* [Problem to work on]: The answer is to be the data that follows, transcribed exactly, minus its pictures.

Stored data:
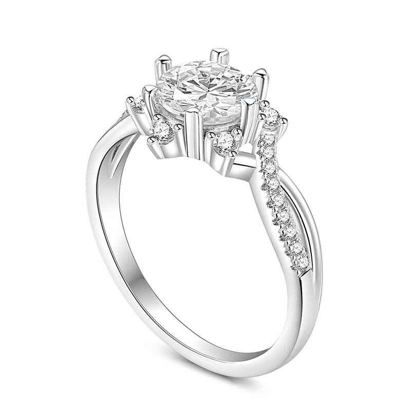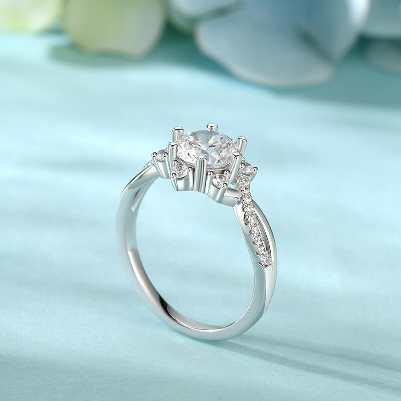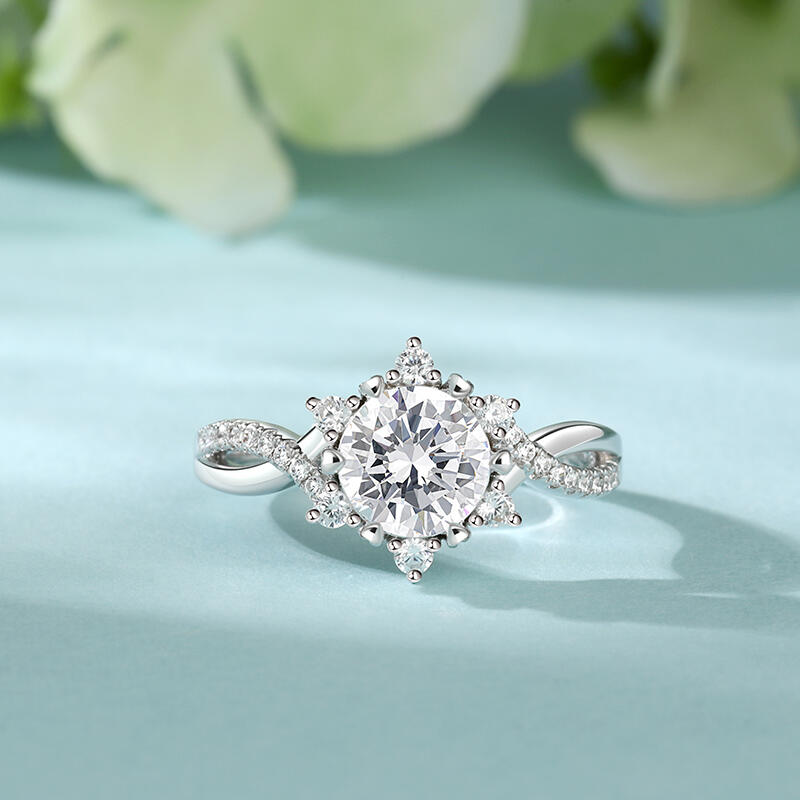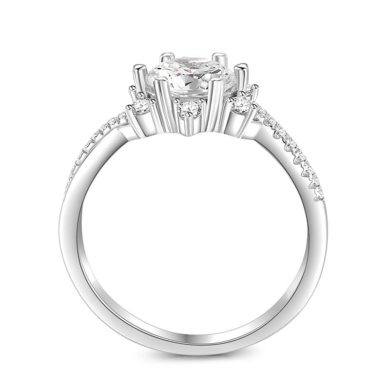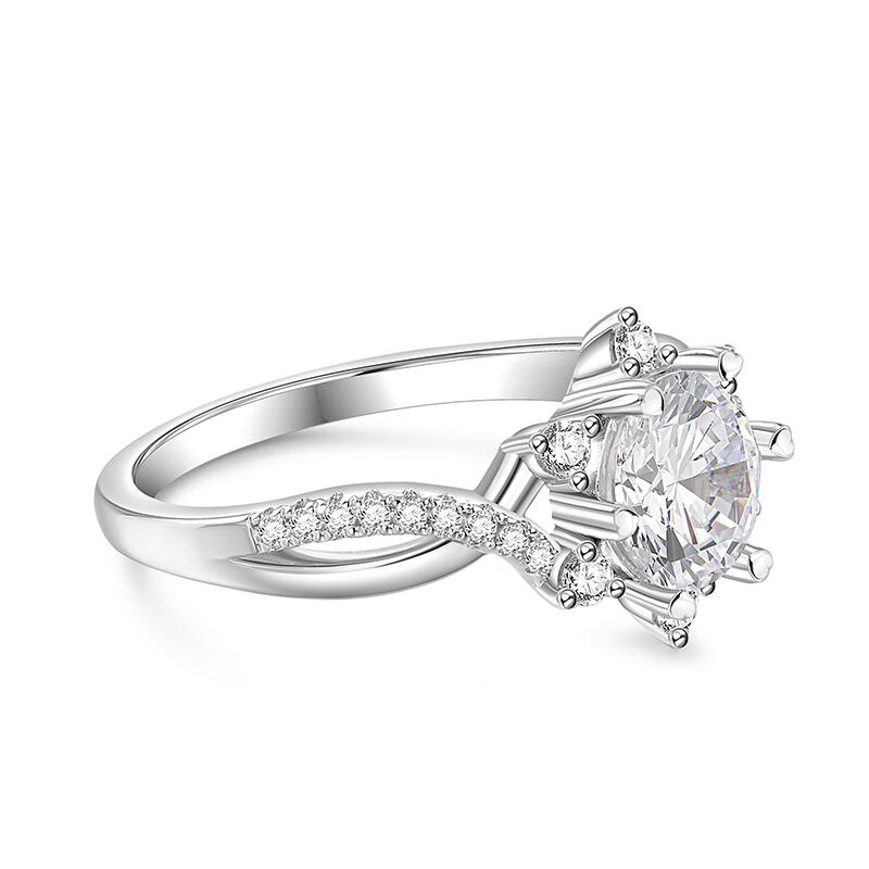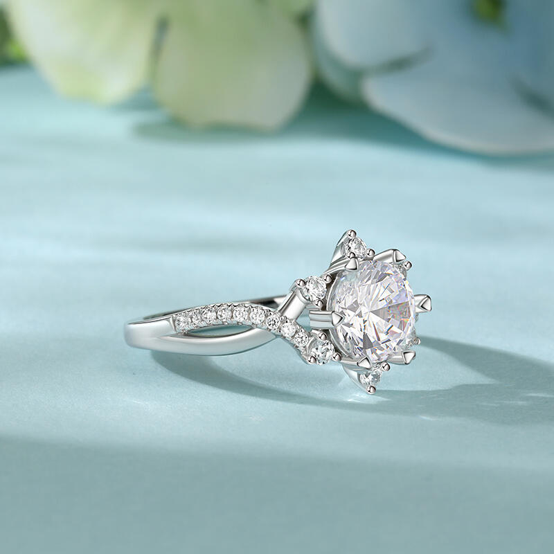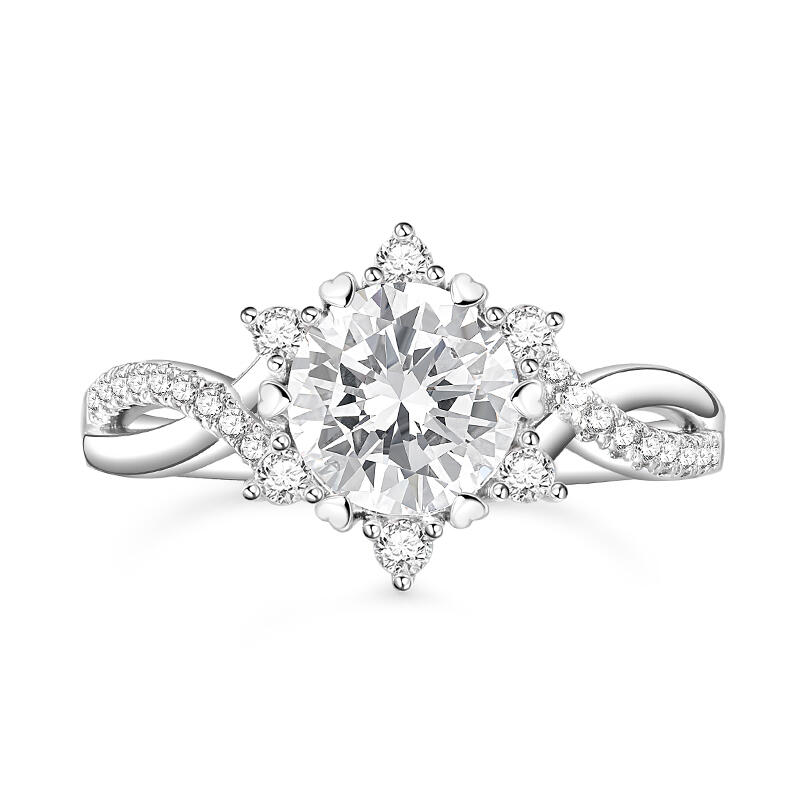 This snowflake engagement ring captures the beauty and intricacy of a snowflake gently falling from the sky during a winter snow. Its exquisite heart prong design details make the ring more lively. The clever twist design makes it sparkle on your finger. The bright light will attract people's attention. Give it to a special person on a special day to remind her of the special moments of the year.
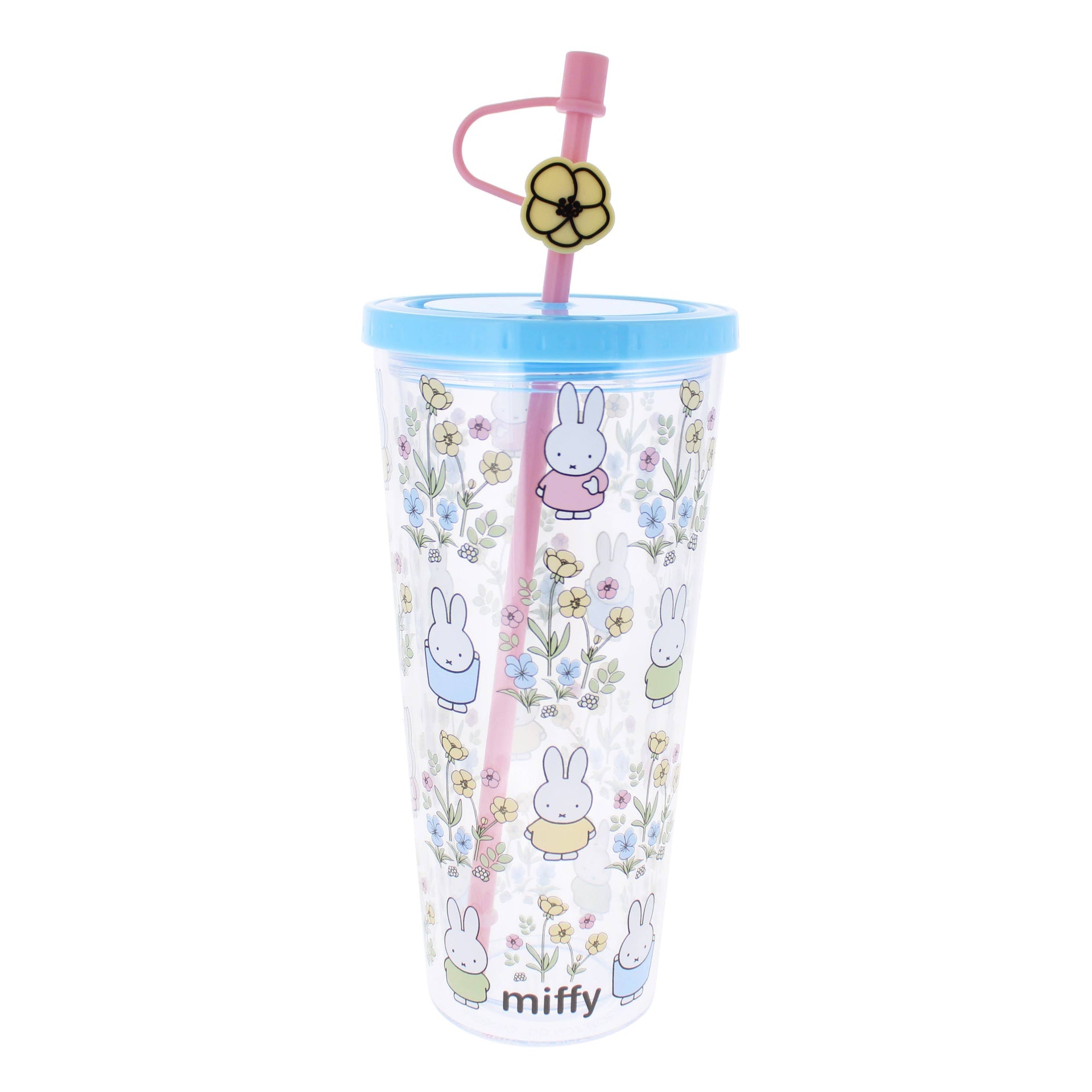 Rendez la consommation encore plus facile et mignonne avec ce gobelet et paille adorables de Miffy. C'est l'ajout parfait à vos essentiels quotidiens, car c'est le meilleur moyen de rester hydraté en déplacement ou simplement pour se détendre à la maison. Le design est une impression intégrale de nombreux Miffys et fleurs ! La base du gobelet est transparente avec un couvercle bleu, une paille rose avec un capuchon ainsi qu'un clip MI en forme de fleur, comment résister !
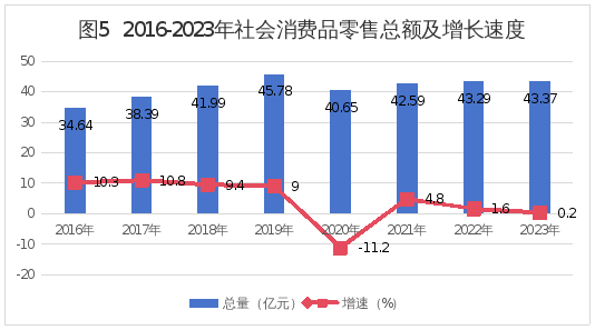 全年社会消费品零售总额43.37亿元,比上年增长0.2%。其中,城镇消费品零售总额31.76亿元,比上年增长0.2%;乡村消费品零售总额11.62亿元,比上年增长0.2%。
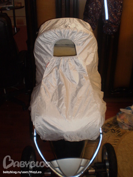 У нас тоже такая защита, только на коляске teutonia )))) Действительно очень удобна, в теплое время защищает от дождя, а в холода от ветра и мокрого снега. Занимает мало места, быстро сохнет, легко одевается и снимается, очень довольны!!! Плюс еще множество расцветок на любой вкус! Кстати сейчас уже с прогулочным блоком используем! Рекомендую!!!
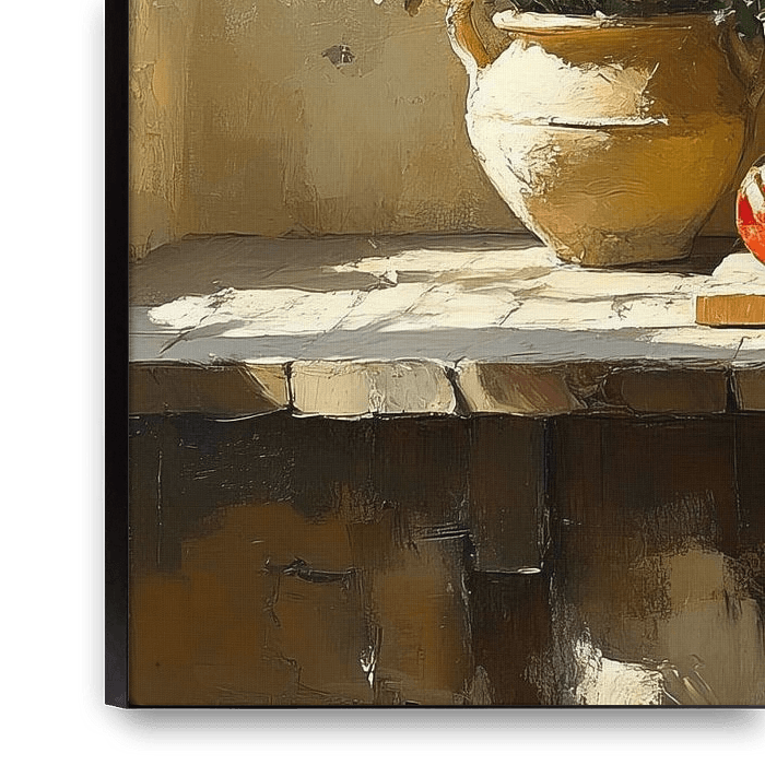 Ihre gewählte Kunst auf Leinwand, gespannt in einem Aluminiumrahmen. Schnell und einfach austauschbar für eine frische Ausstrahlung und ganz nach Ihren Wünschen.
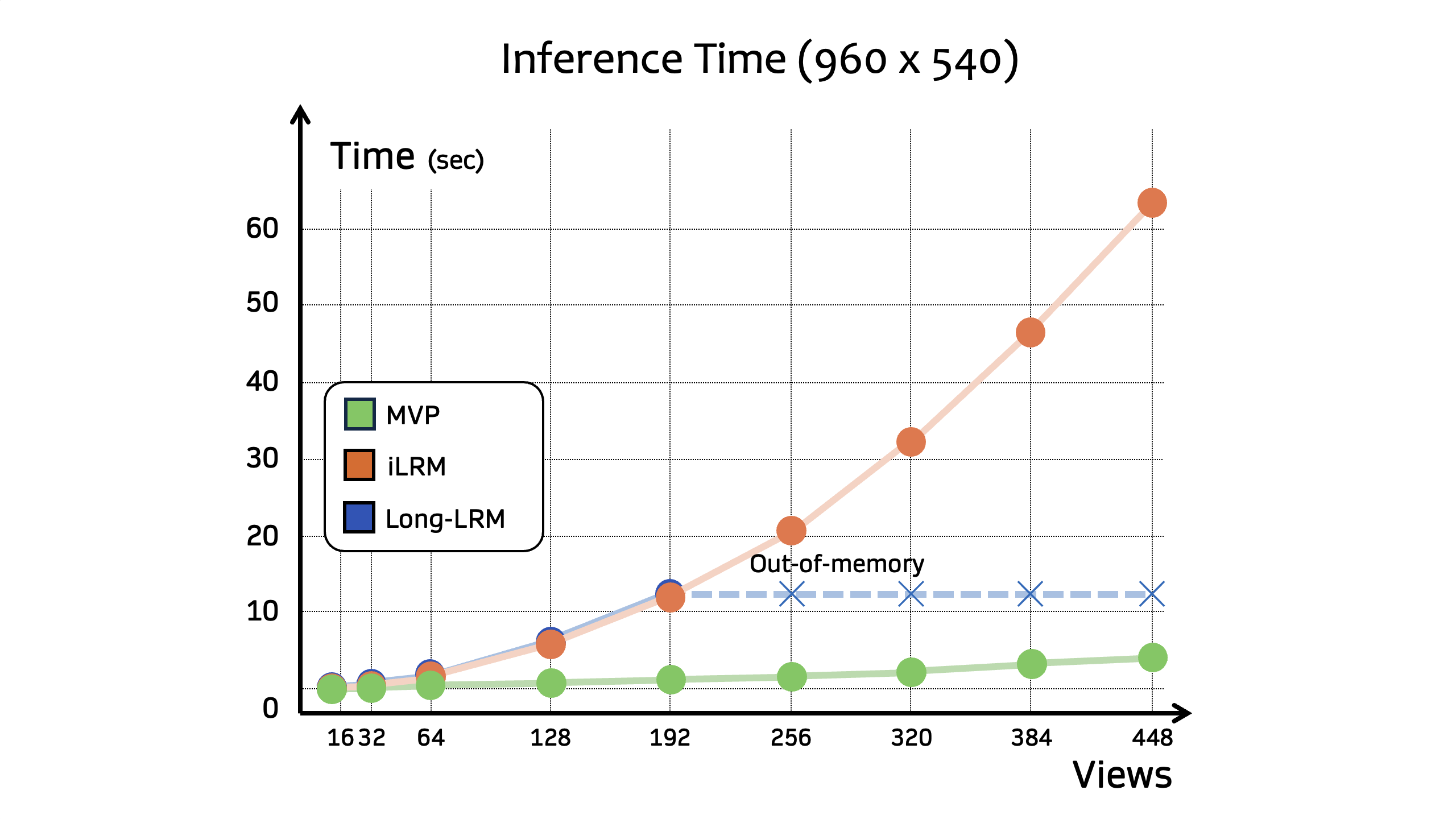 We compare MVP against recent feed-forward 3D reconstruction methods, Long-LRM, and iLRM. We evaluate the methods on in-domain dataset, DL3DV, and out-of-domain datasets, Tanks&Temples and Mip-NeRF360. The resolution of input images is 960x540 for all methods.
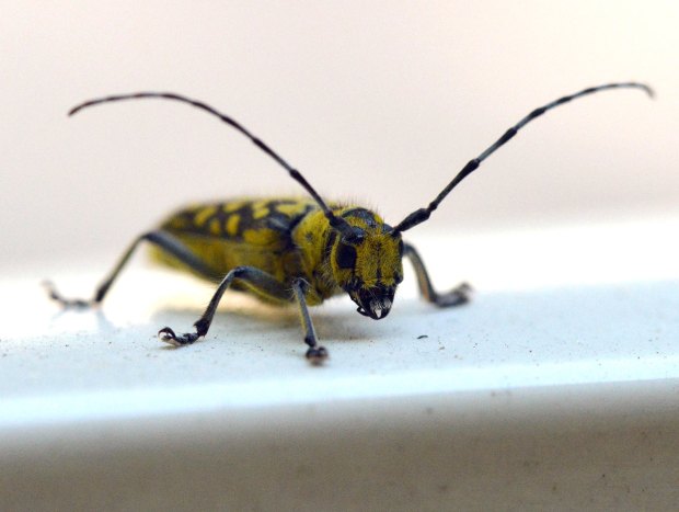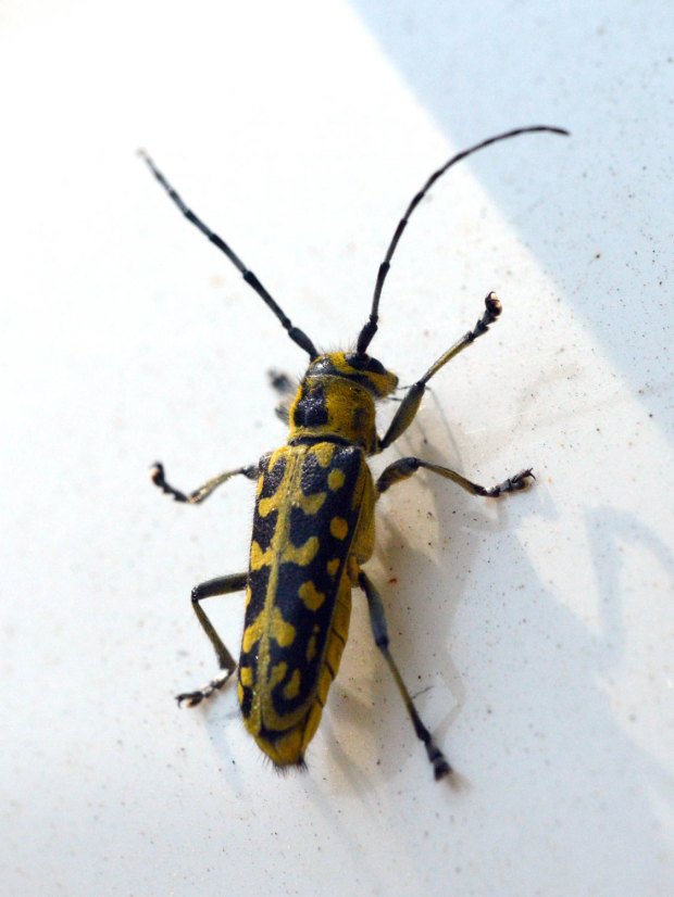 Estando en Santa Fe del Montseny, vi aterrizar un escarabajo sobre un lateral del coche. Al acercarme, vi que se trataba de un longicornio (cerambícido, Cerambycidae) de vistosa coloración. No estuvo ni dos minutos, lo justo para que pudiera hacerle unas fotografías. Caminó unos 10 centímetros y, cuando llegó a lo alto del coche, abrió sus alas y prosiguió su camino.
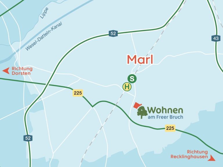 Das neu entstehende Quartier „Wohnen im Freer Bruch“ liegt im grünen Süden Marls, in den Stadtteilen Alt-Marl und Drewer-Süd.
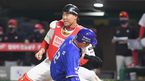 [OSEN=인천,박준형 기자] 1일 오후 인천 SSG랜더스필드에서 2021 신한은행 SOL KBO리그 SSG 랜더스와 삼성 라이온즈의 경기가 진행됐다.8회초 1사 1,3루 삼성 김지찬의 내야땅볼때 3루 주자 김민수를 홈태그아웃시킨 이재원 포수가 미소
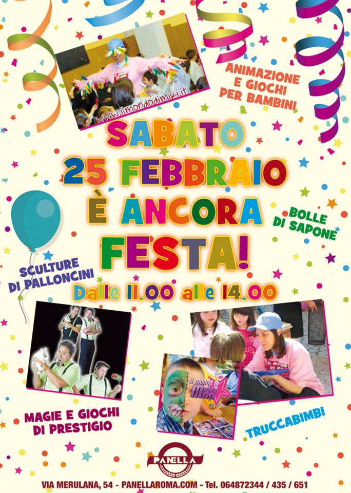 25 Febbraio, Sabato Grasso, alle ore 15.00 presso i giardini di Piazza Vittorio, ci sarà la festa di Carnevale per i bambini, a cura di Paola Morano
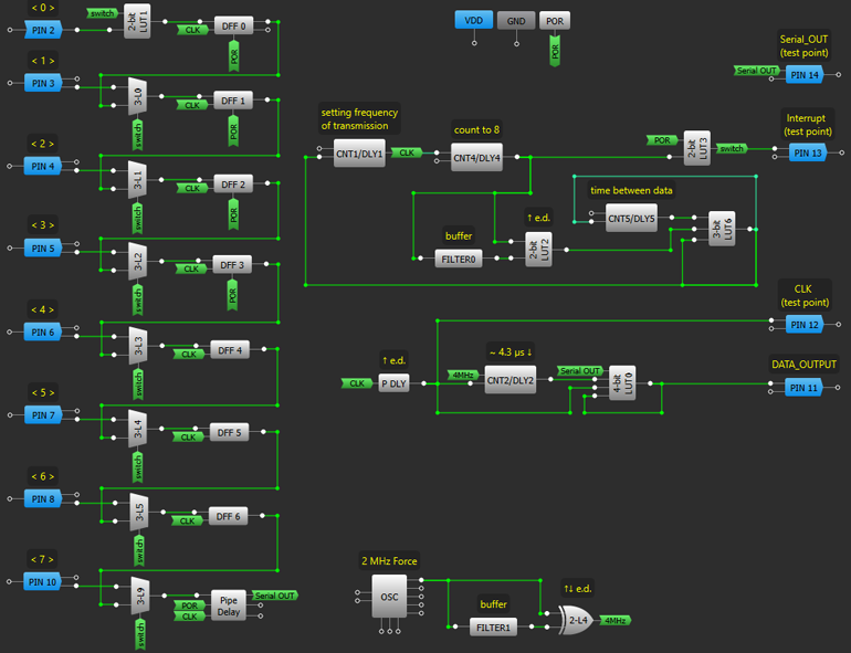 CNT1計(jì)數(shù)器定義了傳輸信號(hào)時(shí)間(如前所述,設(shè)置為?5 μs)。CNT4計(jì)數(shù)器形成八個(gè)這樣的時(shí)間段的數(shù)據(jù)包,并使用2LUT3反相器控制2LUT1、3LUT0÷3LUT53LUT9多路復(fù)用器。當(dāng)來(lái)自2LUT3反相器輸出的內(nèi)部開(kāi)關(guān)信號(hào)為低電平時(shí)(圖7,中斷信號(hào)),則通過(guò)多路復(fù)用器記錄來(lái)自輸入PIN8,#10的信息執(zhí)行相應(yīng)的觸發(fā)器。然后,當(dāng)“ switch”中斷信號(hào))信號(hào)變高時(shí),觸發(fā)器上的數(shù)據(jù)發(fā)生移位,并形成一個(gè)串行代碼(圖7,“ Serial_OUT”信號(hào))
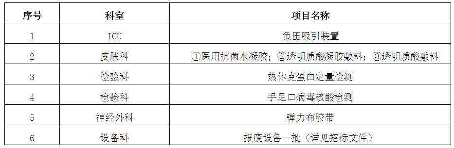 因醫(yī)院發(fā)展的需要,我院擬于近期對一批醫(yī)療耗材進行院內(nèi)招標采購以及處置一批報廢設(shè)備,歡迎具備條件的公司報名參加。

* [Expected answer]:
 This snowflake engagement ring captures the beauty and intricacy of a snowflake gently falling from the sky during a winter snow. Its exquisite heart prong design details make the ring more lively. The clever twist design makes it sparkle on your finger. The bright light will attract people's attention. Give it to a special person on a special day to remind her of the special moments of the year.
 Rendez la consommation encore plus facile et mignonne avec ce gobelet et paille adorables de Miffy. C'est l'ajout parfait à vos essentiels quotidiens, car c'est le meilleur moyen de rester hydraté en déplacement ou simplement pour se détendre à la maison. Le design est une impression intégrale de nombreux Miffys et fleurs ! La base du gobelet est transparente avec un couvercle bleu, une paille rose avec un capuchon ainsi qu'un clip MI en forme de fleur, comment résister !
 全年社会消费品零售总额43.37亿元,比上年增长0.2%。其中,城镇消费品零售总额31.76亿元,比上年增长0.2%;乡村消费品零售总额11.62亿元,比上年增长0.2%。
 У нас тоже такая защита, только на коляске teutonia )))) Действительно очень удобна, в теплое время защищает от дождя, а в холода от ветра и мокрого снега. Занимает мало места, быстро сохнет, легко одевается и снимается, очень довольны!!! Плюс еще множество расцветок на любой вкус! Кстати сейчас уже с прогулочным блоком используем! Рекомендую!!!
 Ihre gewählte Kunst auf Leinwand, gespannt in einem Aluminiumrahmen. Schnell und einfach austauschbar für eine frische Ausstrahlung und ganz nach Ihren Wünschen.
 We compare MVP against recent feed-forward 3D reconstruction methods, Long-LRM, and iLRM. We evaluate the methods on in-domain dataset, DL3DV, and out-of-domain datasets, Tanks&Temples and Mip-NeRF360. The resolution of input images is 960x540 for all methods.
 Estando en Santa Fe del Montseny, vi aterrizar un escarabajo sobre un lateral del coche. Al acercarme, vi que se trataba de un longicornio (cerambícido, Cerambycidae) de vistosa coloración. No estuvo ni dos minutos, lo justo para que pudiera hacerle unas fotografías. Caminó unos 10 centímetros y, cuando llegó a lo alto del coche, abrió sus alas y prosiguió su camino.
 Das neu entstehende Quartier „Wohnen im Freer Bruch“ liegt im grünen Süden Marls, in den Stadtteilen Alt-Marl und Drewer-Süd.
 [OSEN=인천,박준형 기자] 1일 오후 인천 SSG랜더스필드에서 2021 신한은행 SOL KBO리그 SSG 랜더스와 삼성 라이온즈의 경기가 진행됐다.8회초 1사 1,3루 삼성 김지찬의 내야땅볼때 3루 주자 김민수를 홈태그아웃시킨 이재원 포수가 미소
 25 Febbraio, Sabato Grasso, alle ore 15.00 presso i giardini di Piazza Vittorio, ci sarà la festa di Carnevale per i bambini, a cura di Paola Morano
 CNT1計(jì)數(shù)器定義了傳輸信號(hào)時(shí)間(如前所述,設(shè)置為?5 μs)。CNT4計(jì)數(shù)器形成八個(gè)這樣的時(shí)間段的數(shù)據(jù)包,并使用2LUT3反相器控制2LUT1、3LUT0÷3LUT53LUT9多路復(fù)用器。當(dāng)來(lái)自2LUT3反相器輸出的內(nèi)部開(kāi)關(guān)信號(hào)為低電平時(shí)(圖7,中斷信號(hào)),則通過(guò)多路復(fù)用器記錄來(lái)自輸入PIN8,#10的信息執(zhí)行相應(yīng)的觸發(fā)器。然后,當(dāng)“ switch”中斷信號(hào))信號(hào)變高時(shí),觸發(fā)器上的數(shù)據(jù)發(fā)生移位,并形成一個(gè)串行代碼(圖7,“ Serial_OUT”信號(hào))
 因醫(yī)院發(fā)展的需要,我院擬于近期對一批醫(yī)療耗材進行院內(nèi)招標采購以及處置一批報廢設(shè)備,歡迎具備條件的公司報名參加。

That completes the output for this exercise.